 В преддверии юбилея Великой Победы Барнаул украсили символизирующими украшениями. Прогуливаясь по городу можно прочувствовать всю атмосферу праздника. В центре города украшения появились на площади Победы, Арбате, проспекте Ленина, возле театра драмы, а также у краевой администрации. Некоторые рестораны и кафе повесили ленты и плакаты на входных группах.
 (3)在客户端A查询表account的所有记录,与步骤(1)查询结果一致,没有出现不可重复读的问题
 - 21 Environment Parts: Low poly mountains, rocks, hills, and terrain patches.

• • • •

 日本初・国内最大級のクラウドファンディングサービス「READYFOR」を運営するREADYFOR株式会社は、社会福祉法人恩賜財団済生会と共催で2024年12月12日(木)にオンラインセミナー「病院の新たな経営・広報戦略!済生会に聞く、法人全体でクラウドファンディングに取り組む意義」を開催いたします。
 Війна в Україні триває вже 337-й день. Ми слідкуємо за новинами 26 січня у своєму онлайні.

• • • •

**What the exercise asks**
Within the listing above, give again exactly every line from the line with "В преддверии юбилея" through the line with "- 21 Environment", both included, and no other line.

**Written reply**
 В преддверии юбилея Великой Победы Барнаул украсили символизирующими украшениями. Прогуливаясь по городу можно прочувствовать всю атмосферу праздника. В центре города украшения появились на площади Победы, Арбате, проспекте Ленина, возле театра драмы, а также у краевой администрации. Некоторые рестораны и кафе повесили ленты и плакаты на входных группах.
 (3)在客户端A查询表account的所有记录,与步骤(1)查询结果一致,没有出现不可重复读的问题
 - 21 Environment Parts: Low poly mountains, rocks, hills, and terrain patches.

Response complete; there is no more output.